Deeside RFC is a rugby union club based in Banchory, Scotland. The Men's team currently plays in Caledonia North 2.

==History==

The club began as Aboyne RFC; but they moved to Banchory in 2011, when 4 new rugby pitches were built. The Deeside name was then adopted to reflect the new catchment area.

The club installed new floodlights in 2014.

The club became a registered charity in February 2017. They have the Scottish Charity Number: SCO47171.
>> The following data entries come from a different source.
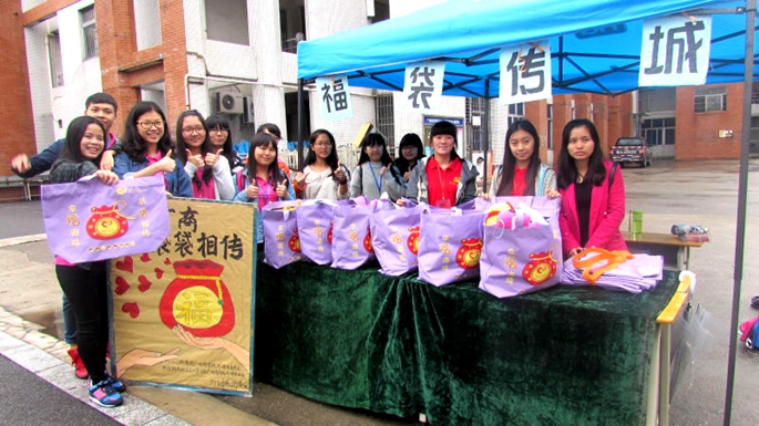 为传递爱心公益,外语系团委与中国特色社会主义学习会外语系分会于2016年3月22日至24日在广商舞蹈室旁举行了“幸福广商,袋袋相传”福袋传城活动。
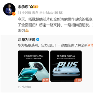 3月23日,余承东通过微博掷地有声地官宣:“搭载麒麟芯片和全新鸿蒙操作系统的畅享90系列发布,华为手机终于实现了全面回归!感谢一路支持、一路相伴的朋友。”
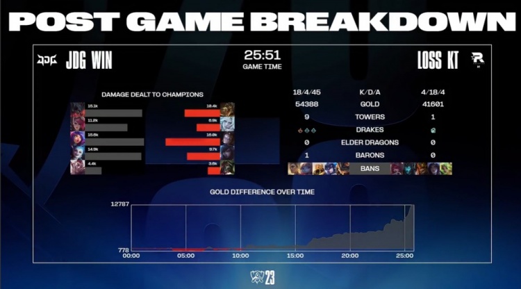第二局前期小龙与下路团战,knight妮蔻强势留人帮助JDG打开局面,随后先锋团又是knight妮蔻侧面进场大到KT四人,JDG打出2换5团灭KT经济领先3K。中期小龙团Missing洛W抬起KT三人,KT毫无还手之力被JDG打出0换4,JDG大小龙通吃经济优势瞬间来到8K。最终JDG中路一波推上KT高地,Ruler金克丝三杀收尾,JDG推平KT基地扳回一局。

It applied to the council to build a clubhouse in 2019.

==Sides==

The club takes in Primary 1 to adults, and has around 500 players attending in all ages, male and female.

==Sevens tournament==

The club runs the Deeside Sevens. It is one leg of the 'Kings of the North' tournament.

==Honours==

===Men's===
- Caledonia North 2
  - Champions (1): 2016
- Caledonia North 4
  - Champions (1): 2022
- Banff Sevens
  - Champions (1): 2019
- Garioch Sevens
  - Champions (1): 1994 (when as Aboyne RFC)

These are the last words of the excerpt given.